Attorney-at-Law

THE RACE CONTINUES

In Uncategorized on 04/29/2014 at 17:19

Yes, horseracing continues with Merrill C. Roberts, 2014 T. C. Memo. 74, filed 4/29/14, but also on tap today is another couple entries (hey, Judge Holmes, this one’s for you) in my “best excuses” no-prize sweepstakes, although Judge Paris, while amused, isn’t buying either.

Merry was a nightclubber turned horse trainer, and the case, fact-intensive as they all are, involves four runnings of the Section 183 vs.
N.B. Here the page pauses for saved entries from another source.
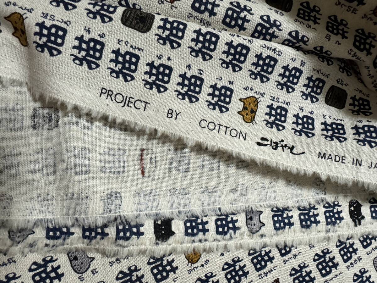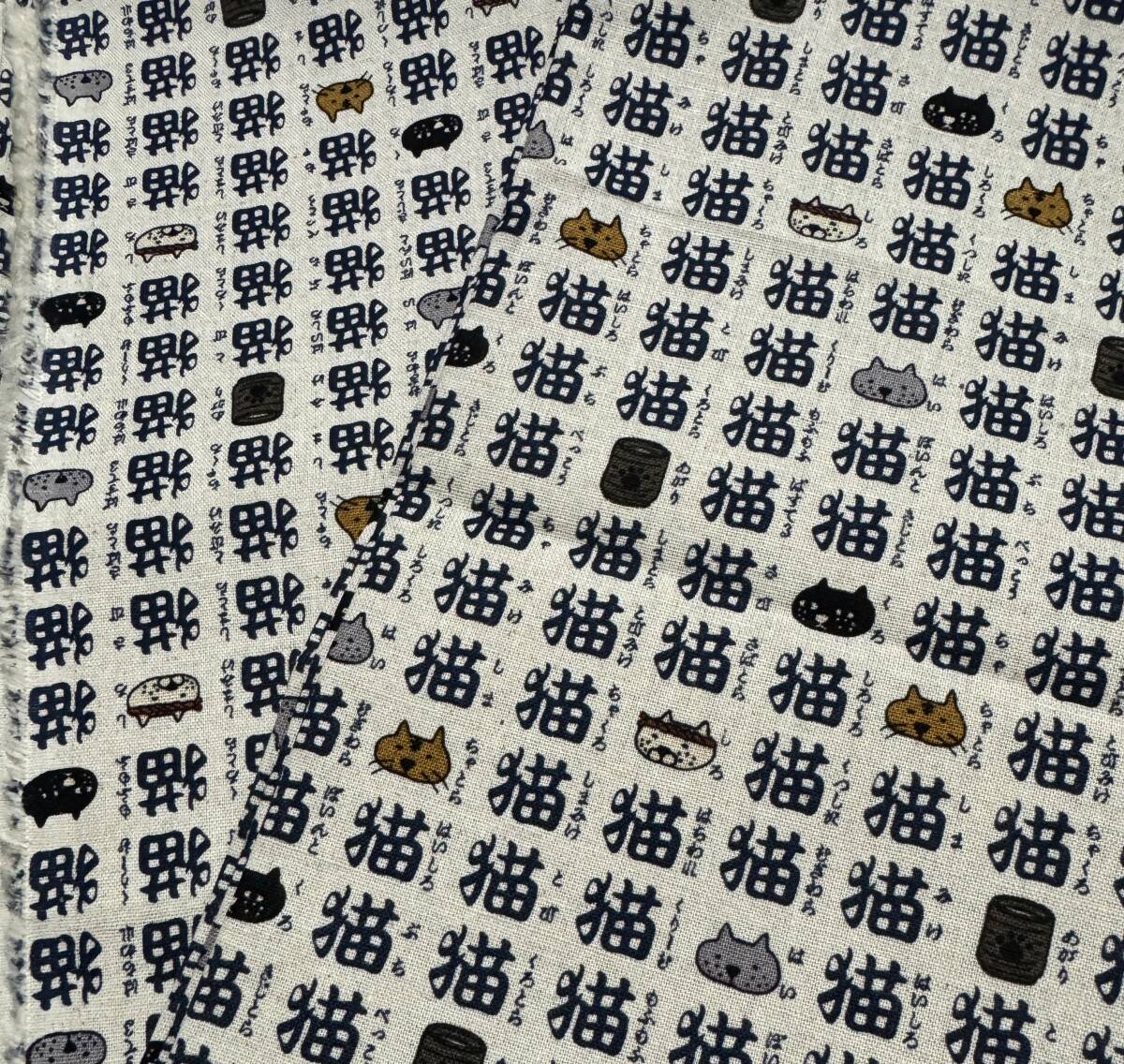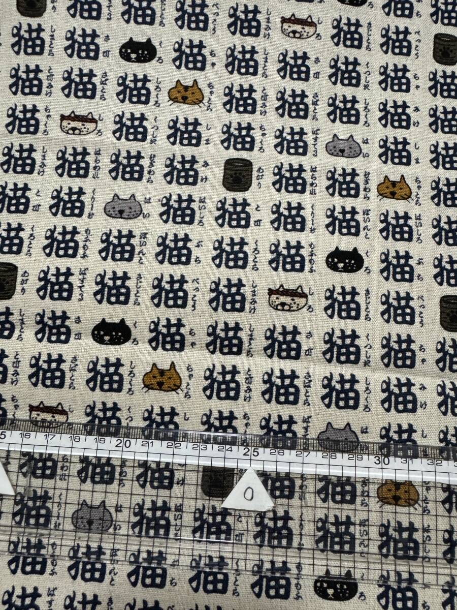 3.5m 綿麻キャンバス 110×350cm 猫 漢字 コットンこばやし / 生地 はぎれ 日本製 コットンリネン 綿85麻25 和風 WAGARA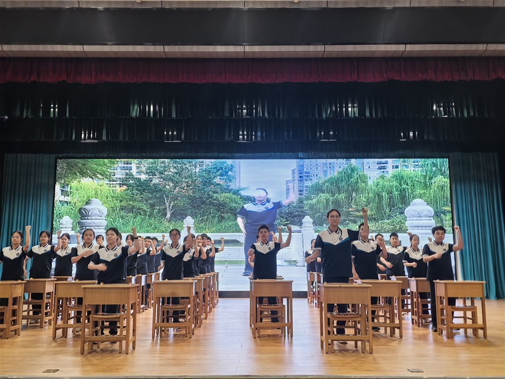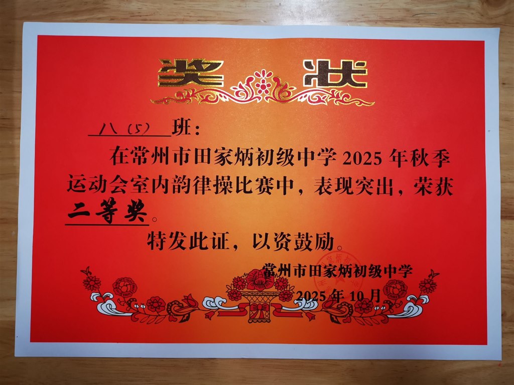 当课桌不再只是学习的阵地,当青春在韵律中肆意挥洒,一场别开生面的室内韵律操大赛在常州市田家炳初级中学的舞台上活力上演。 2025年秋季,该校运动会系列活动之室内韵律操评比重磅来袭,各班级轮番登场,以课桌为景,以动作传情。其中,八年级(5)班的表现尤为亮眼,最终斩获二等奖。 比赛现场,八(5)班的同学们身着统一校服,在木质课桌间划出一道道整齐的弧线。抬手时如振翅雏鹰充满力量,舒展处似青竹拔节尽展柔韧,每一个动作都精准踩在韵律节点上。他们背后的大屏同步呈现校园景致,虚实交融间,青春的朝气与校园的灵动完美契合。 这份荣誉背后,是他们利用校内的课余时间、家中的休息时间反复打磨的坚持,是课间互相纠正动作的较真,更是整个班级拧成一股绳的凝聚力。当奖状上“二等奖”的字样闪耀,每一位同学的笑靥都在诉说:这不仅是一场操的评比,更是青春风采的盛大绽放。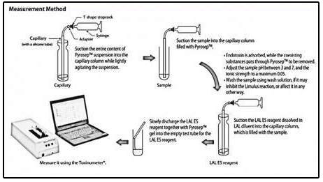 La endotoxina de la muestra es adsorbida en una columna capilar empaquetada con Pyrosep™ (un adsorbente de afinidad, con histidina enlazada a un soporte insoluble en agua mediante un espaciador, diseñado específicamente para adsorber endotoxina). El resto de las sustancias contenidas en la muestra pueden ser lavadas; permitiendo que la endotoxina adsorbida active el reactivo de LAL para su cuantificación, pudiéndose realizar la medida en un Toxinometer®.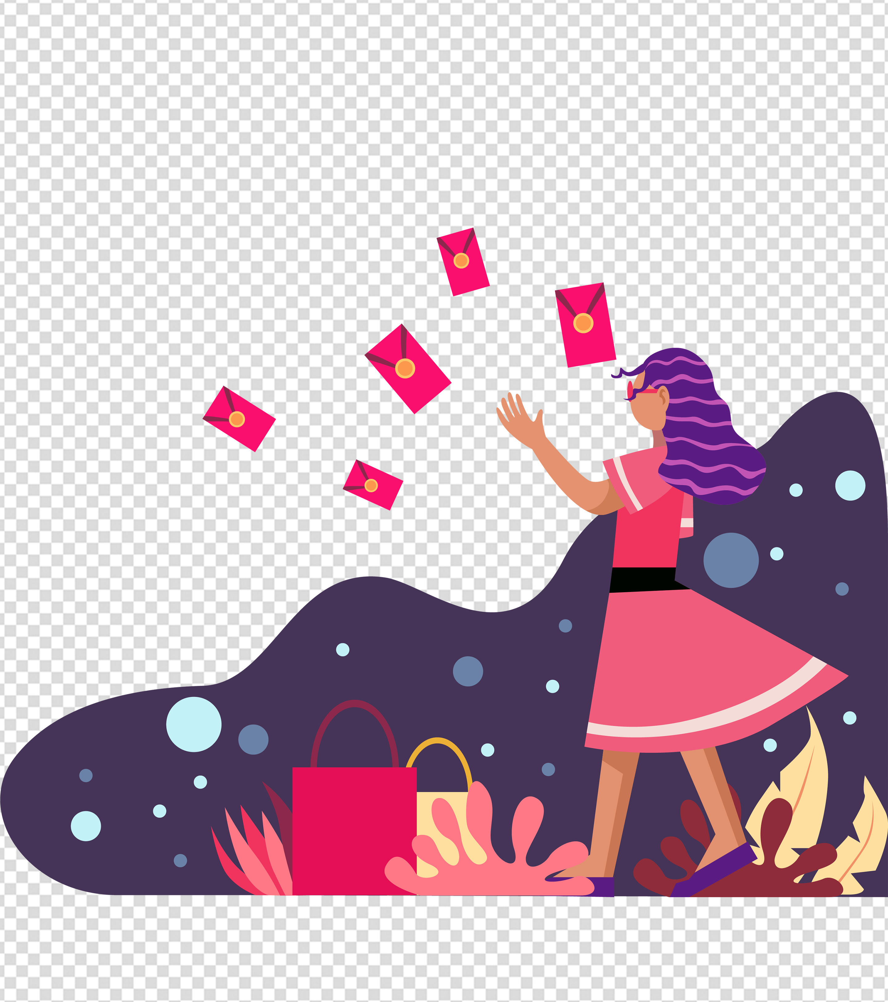 卡通紫色红包女人元素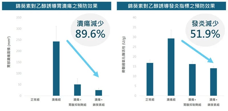 結果顯示,乙醇對胃部造成的潰瘍面積最大,將近是非類固醇消炎止痛藥的 9 倍,並暗示飲酒引發消化性潰瘍的風險較高。補充錦葵素則能夠顯著減少潰瘍面積,並降低胃部發炎指標-骨髓過氧化酶 (Myeloperoxidase, MPO) 活性。概略來說,於乙醇與非類固醇消炎止痛藥誘導的胃潰瘍模式下,錦葵素對潰瘍的抑制率分別達到了 89.6% 及 63.8%。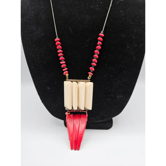 Vintage Angami Style Statement Piece Necklace Red Cream Stones

Section 162 optional allowance races, with Merry taking the last two and IRS winning the first two.

As an extra added attraction, a short course in claiming race tactics can be found at p. 10, footnote 12.

And if you thought that tax cases were only dull regurgitations of statutes and parsings of obscure regulations, here’s a note on how some trainers try to fix a horserace, and how to outwit their skullduggery: “For example, petitioner learned of ruses that unscrupulous racers would use to maximize profit potential. In one case, petitioner heard of racers affixing raw cuts of meat to a horse’s ankles so that the horse would appear to be in poor shape and not be claimed. A racer that is aware of the ruse may claim the horse and profit from the transaction.” 2014 T. C. Memo. 74, at p. 27.

Howbeit, we come to the excuses aforementioned.

Merry lost some records due to his firebrand ex-girlfriend, and tries thereby to excuse one year’s late filing: “Petitioner contends that he had reasonable cause to file his return late because some of his records were burned in a fireplace by a former girlfriend. Petitioner cites a case where a taxpayer was not held liable for a section 6651(a)(1) addition to tax because a hurricane destroyed critical tax documents. The wrath of a former girlfriend may be a formidable force, but it is not analogous to a hurricane-like natural disaster, and it does not constitute a reasonable cause outside petitioner’s control. Further, petitioner did not present any evidence showing the records were actually destroyed or document any attempts to find the lost information.” 2014 T. C. Memo. 74, at p. 48.

And Merry claims he suffered from high anxiety because IRS had audited him: “Petitioner also suggests that the Commissioner’s audits of prior-year returns was a reasonable cause for his delay. He contends that he knew the …tax return would likely be audited, and he spent extra time to make sure the return was correct. Preoccupation with an audit, however, does not constitute a reasonable cause for failing to timely file a Federal tax return.” 2014 T. C. Memo. 74, at p. 48 (Citations omitted).

Well, I’m giving Merry one “Taishoff good try” for the ex-girlfriend story, and he’s entered for the no-prize best-excuse sweepstakes.

Edited to add, 8/23/21: Judge Posner (who else?) reverses Tax Court in Roberts v. CIR, 820 F.3d 247 (CA 7, 2016). But Judge Posner treats Judge Paris a lot nicer than he did poor Judge Wherry_”We mustn’t be too hard on the Tax Court. It felt itself imprisoned by a goofy regulation (26 C.F.R. § 1.183-2, Treas. Reg. § 1.183-2: Activity Not Engaged in for Profit Defined; see, e.g., Faulconer v. Commissioner, 748 F.2d 890 (4th Cir. 1984)) that we feel bound to set forth in its full tedious length….” 820 F. 3d 247, at p. 250.